--- EXERCISE ---
The material below should be copied line for line, please, with pictures omitted.

--- SUPPLIED INFORMATION ---
Segment Open
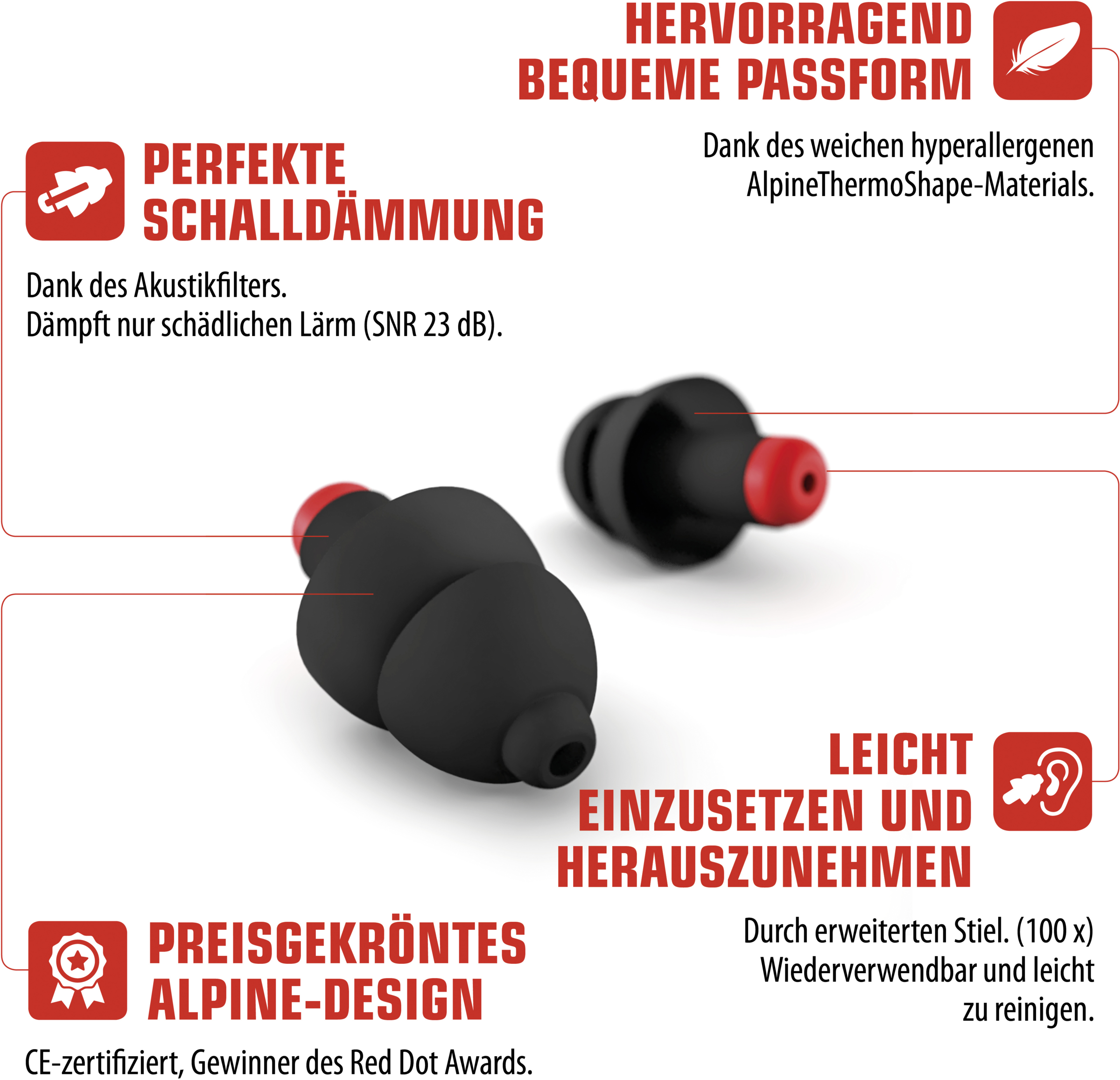 - schädliche Geräusche werden auf eine sichere Lautstärke reduziert (Dämmung von (SNR) 23 dB)
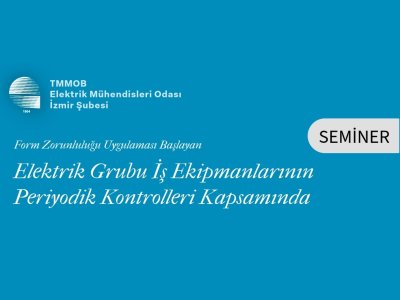 Elektrik Mühendisleri Odası (EMO) İzmir Şubesi, form zorunluluğu uygulaması başlayan elektrik grubu iş ekipmanlarının periyodik kontrollerine ilişkin bir seminer dizisi düzenleyecektir. Kasım ayı boyunca gerçekleştirilecek dört seminerde; “Yangın Algılama ve Uyarı Sistemleri”, “Trafo Merkezleri”, “Yıldırımdan Korunma” ve “Elektrik ile Topraklama Tesisatlarının` periyodik kontrolleri konuları ele alınacaktır. Seminer takvimine yazımızın devamından ulaşabilirsiniz.
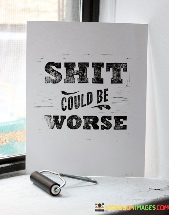 "Shit Could Be Worse." These five simple words may seem like a blunt, even cynical, statement at first glance. However, when we delve deeper, we find a profound message of resilience and perspective. Life can be tough, throwing us unexpected challenges and hardships. Yet, this quote encourages us to adopt a pragmatic mindset.
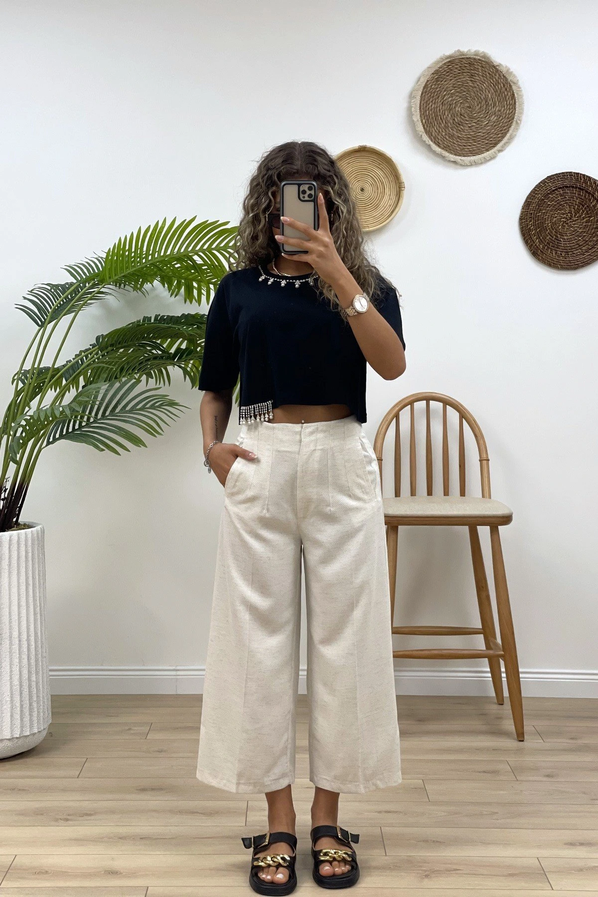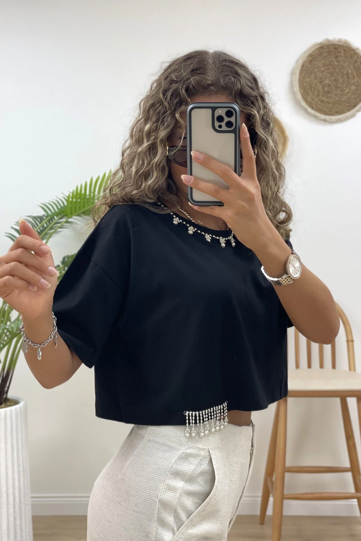 YAKA VE ETEK UCU TAŞLI CROP TİŞÖRT – SİYAH
Segment Closed
--- EXERCISE SOLUTION ---
 - schädliche Geräusche werden auf eine sichere Lautstärke reduziert (Dämmung von (SNR) 23 dB)
 Elektrik Mühendisleri Odası (EMO) İzmir Şubesi, form zorunluluğu uygulaması başlayan elektrik grubu iş ekipmanlarının periyodik kontrollerine ilişkin bir seminer dizisi düzenleyecektir. Kasım ayı boyunca gerçekleştirilecek dört seminerde; “Yangın Algılama ve Uyarı Sistemleri”, “Trafo Merkezleri”, “Yıldırımdan Korunma” ve “Elektrik ile Topraklama Tesisatlarının` periyodik kontrolleri konuları ele alınacaktır. Seminer takvimine yazımızın devamından ulaşabilirsiniz.
 "Shit Could Be Worse." These five simple words may seem like a blunt, even cynical, statement at first glance. However, when we delve deeper, we find a profound message of resilience and perspective. Life can be tough, throwing us unexpected challenges and hardships. Yet, this quote encourages us to adopt a pragmatic mindset.
 YAKA VE ETEK UCU TAŞLI CROP TİŞÖRT – SİYAH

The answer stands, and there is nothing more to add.